Minimum Inversion Number
Minimum Inversion Number
Time Limit: 2000/1000 MS (Java/Others) Memory Limit: 65536/32768 K (Java/Others)
Total Submission(s): 14585 Accepted Submission(s): 8901
Problem Description
The inversion number of a given number sequence a1, a2, …, an is the number of pairs (ai, aj) that satisfy i < j and ai > aj.
For a given sequence of numbers a1, a2, …, an, if we move the first m >= 0 numbers to the end of the seqence, we will obtain another sequence. There are totally n such sequences as the following:
a1, a2, …, an-1, an (where m = 0 - the initial seqence)

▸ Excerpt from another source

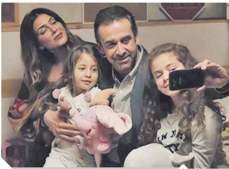
الاختيار ٢، نموذجاً لتعزيز دور المرأة كأم وزوجة وصانعة أبطال

تظهر بشكل مجسد على شاشات التلفزيون، ولكن تميزت مسلسلات هذا العام بجرأة في تناول قضايا الجاسوسية والتخاطر ضد مصر وما يحاك لها من مؤامرات وكان لهذا تناول دور كبير في رفع وعي الجمهور والشباب بما يحاك من مؤامرات ضد مصر، ويعزز الشعور بالانتماء وخاصة الأدوار التي قامت بها المرأة في تلك المسلسلات كأم وزوجة لرجال الشرطة والجيش والأجهزة السيادية. كما أشاد التقرير بأسلوب تناول قضية المرأة والطفلة المعاقة إعاقه خفية والمصابة بمرض ADHD حيث أوجد حالة من الوعي بين فئات المجتمع بوجود هذا المرض وسرعة تشخيصه من الأهل، وأشاد التقرير أيضاً بتناول بعض المشكلات التي تعاني منها المرأة داخل المجتمع وللمرة الأولى تناقش كموضوع الطلاق الشفوي وجرائم الابتزاز الإلكترونية وتدابير جرائم الاعتصاب وسوء متابعة الأبناء في الأسرة، وبالنسبة لنتائج الاستبيان اتضح أن ٧٠٪ ممن أجرى عليهم الاستبيان غير راضيات عن صورتهم التي تقدم في المسلسلات ويطلبن منتجى الدراما بقضايا المرأة الحقيقية الواقعية للمرأة المصرية. وطالب التقرير في نهايته منتجي الدراما بالاهتمام بقصص نجاح السيدات في مسلسلات العام القادم، والتركيز على موضوعات من شأنها تنمية الأسرة وتمكين المرأة المصرية.

a2, a3, …, an, a1 (where m = 1)
a3, a4, …, an, a1, a2 (where m = 2)
…
an, a1, a2, …, an-1 (where m = n-1)
You are asked to write a program to find the minimum inversion number out of the above sequences.
Input
The input consists of a number of test cases. Each case consists of two lines: the first line contains a positive integer n (n <= 5000); the next line contains a permutation of the n integers from 0 to n-1.
Output
For each case, output the minimum inversion number on a single line.
Sample Input
10
1 3 6 9 0 8 5 7 4 2
Sample Output
16
Author
CHEN, Gaoli
Source
ZOJ Monthly, January 2003
线段树求逆序数,每当你将开头的a[i],移到尾部的时候,逆序数会减少a[i],也会增加n-a[i]-1,所以变化为n-2*a[i]-1,求最小值
#include <iostream>
#include <cstdio>
#include <cstring>
#include <cmath>
#include <queue>
#include <algorithm>
#define LL long long
using namespace std;
const int MAX = 5500;
int Tree[MAX*4];
int a[MAX];
int MM;
int Query(int L,int R,int site,int l,int r)
{
if(l==L&&R==r)
{
return Tree[site];
}
int mid=(L+R)>>1;
if(r<=mid)
{
return Query(L,mid,site<<1,l,r);
}
else if(l>mid)
{
return Query(mid+1,R,site<<1|1,l,r);
}
else
{
return Query(L,mid,site<<1,l,mid)+Query(mid+1,R,site<<1|1,mid+1,r);
}
}
void update(int L,int R,int site,int s)
{
if(L==R)
{
Tree[site]++;
return ;
}
Tree[site]++;
int mid = (L+R)>>1;
if(mid>=s)
{
update(L,mid,site<<1,s);
}
else
{
update(mid+1,R,site<<1|1,s);
}
}
int main()
{
int n;
while(~scanf("%d",&n))
{
memset(Tree,0,sizeof(Tree));
int ans=0;
for(int i=1;i<=n;i++)
{
scanf("%d",&a[i]);//求逆序数
ans+=Query(0,n-1,1,a[i],n-1);
update(0,n-1,1,a[i]);
}
MM = ans;
for(int i=1;i<=n;i++)//进行移位
{
ans=ans+n-2*a[i]-1;
if(ans<MM)
{
MM=ans;
}
}
printf("%d\n",MM);
}
return 0;
}